Exactly the lines below, starting with the one containing "We'll meet at" and going on through the one containing "天天學(xué)習(xí)1", must be reproduced, both ends included, and no pictures with them.

▶ **Data records**
◆ ◆ ◆

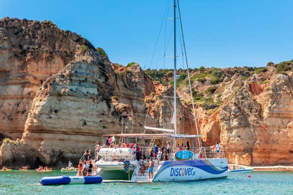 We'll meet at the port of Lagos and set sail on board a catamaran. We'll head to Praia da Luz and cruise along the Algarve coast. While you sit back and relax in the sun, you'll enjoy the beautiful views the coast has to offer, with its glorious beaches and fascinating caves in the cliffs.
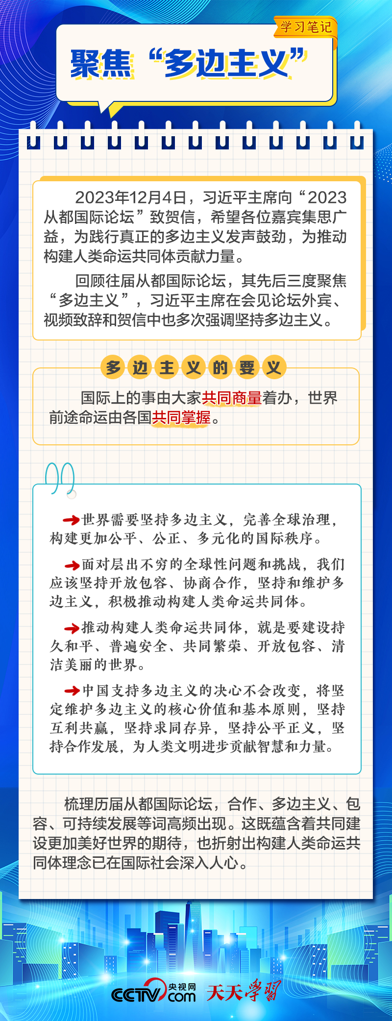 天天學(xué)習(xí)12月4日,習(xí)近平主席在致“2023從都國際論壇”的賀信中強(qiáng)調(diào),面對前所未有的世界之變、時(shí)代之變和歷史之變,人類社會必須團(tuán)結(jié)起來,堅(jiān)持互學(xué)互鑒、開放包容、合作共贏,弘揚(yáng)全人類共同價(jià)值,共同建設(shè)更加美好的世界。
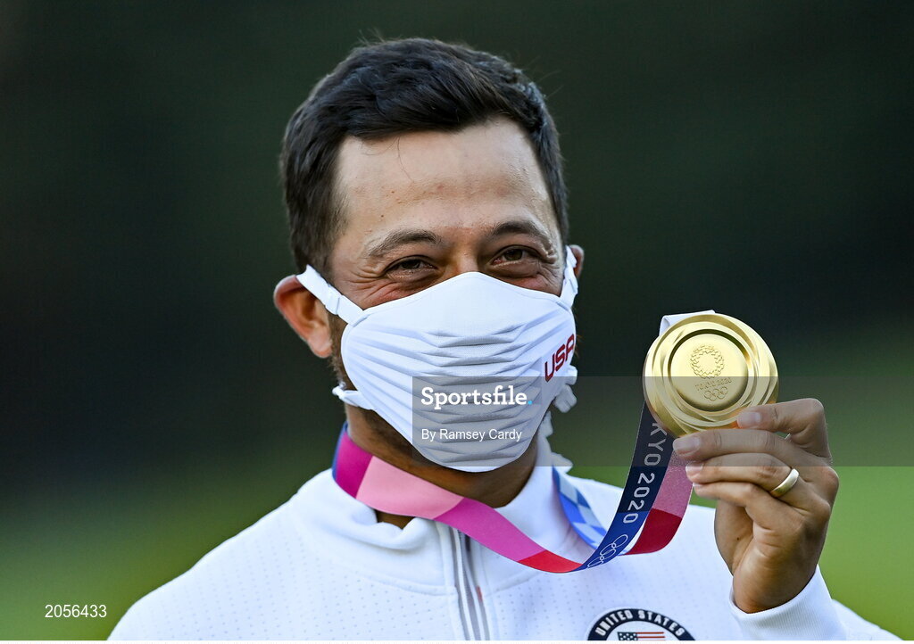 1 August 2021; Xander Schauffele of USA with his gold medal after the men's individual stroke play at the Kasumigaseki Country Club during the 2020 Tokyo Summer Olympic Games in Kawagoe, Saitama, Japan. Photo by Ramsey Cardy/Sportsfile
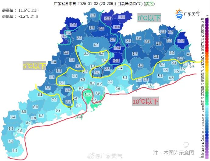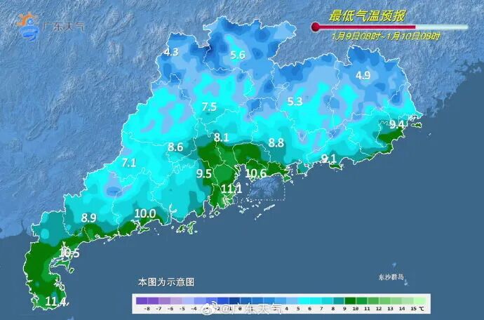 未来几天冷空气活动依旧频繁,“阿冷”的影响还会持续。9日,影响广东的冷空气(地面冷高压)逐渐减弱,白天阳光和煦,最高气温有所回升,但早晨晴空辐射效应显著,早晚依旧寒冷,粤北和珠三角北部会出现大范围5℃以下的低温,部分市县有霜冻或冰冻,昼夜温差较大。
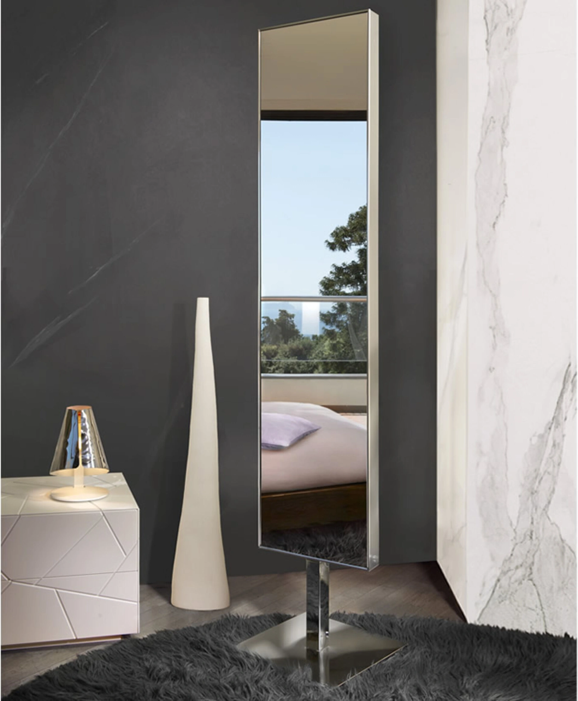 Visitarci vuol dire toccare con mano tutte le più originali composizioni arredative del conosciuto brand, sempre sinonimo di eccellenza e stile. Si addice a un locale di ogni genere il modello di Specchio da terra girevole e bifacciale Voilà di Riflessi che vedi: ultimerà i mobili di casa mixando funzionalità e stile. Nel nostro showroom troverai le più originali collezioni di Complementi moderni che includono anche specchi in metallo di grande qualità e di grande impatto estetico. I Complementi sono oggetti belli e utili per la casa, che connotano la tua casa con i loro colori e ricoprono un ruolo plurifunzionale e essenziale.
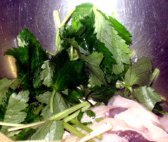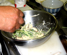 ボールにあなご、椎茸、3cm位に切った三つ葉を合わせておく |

◆ ◆ ◆

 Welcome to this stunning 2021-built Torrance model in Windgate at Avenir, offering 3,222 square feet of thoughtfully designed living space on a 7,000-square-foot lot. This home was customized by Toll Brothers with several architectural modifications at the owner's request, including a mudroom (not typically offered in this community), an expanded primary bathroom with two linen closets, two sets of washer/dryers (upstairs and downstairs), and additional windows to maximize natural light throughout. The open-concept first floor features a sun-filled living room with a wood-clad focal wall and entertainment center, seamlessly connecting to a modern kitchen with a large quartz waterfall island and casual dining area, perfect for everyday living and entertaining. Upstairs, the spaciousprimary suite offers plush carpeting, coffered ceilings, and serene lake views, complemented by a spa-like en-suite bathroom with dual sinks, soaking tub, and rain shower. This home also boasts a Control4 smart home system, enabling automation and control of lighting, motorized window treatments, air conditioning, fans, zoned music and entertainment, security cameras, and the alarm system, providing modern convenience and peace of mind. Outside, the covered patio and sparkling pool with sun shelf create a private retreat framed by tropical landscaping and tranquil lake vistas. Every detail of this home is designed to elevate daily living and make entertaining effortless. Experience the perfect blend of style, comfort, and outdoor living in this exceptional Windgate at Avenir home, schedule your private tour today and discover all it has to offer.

◆ ◆ ◆

▶ **Exercise result**
 We'll meet at the port of Lagos and set sail on board a catamaran. We'll head to Praia da Luz and cruise along the Algarve coast. While you sit back and relax in the sun, you'll enjoy the beautiful views the coast has to offer, with its glorious beaches and fascinating caves in the cliffs.
 天天學(xué)習(xí)12月4日,習(xí)近平主席在致“2023從都國際論壇”的賀信中強(qiáng)調(diào),面對前所未有的世界之變、時(shí)代之變和歷史之變,人類社會必須團(tuán)結(jié)起來,堅(jiān)持互學(xué)互鑒、開放包容、合作共贏,弘揚(yáng)全人類共同價(jià)值,共同建設(shè)更加美好的世界。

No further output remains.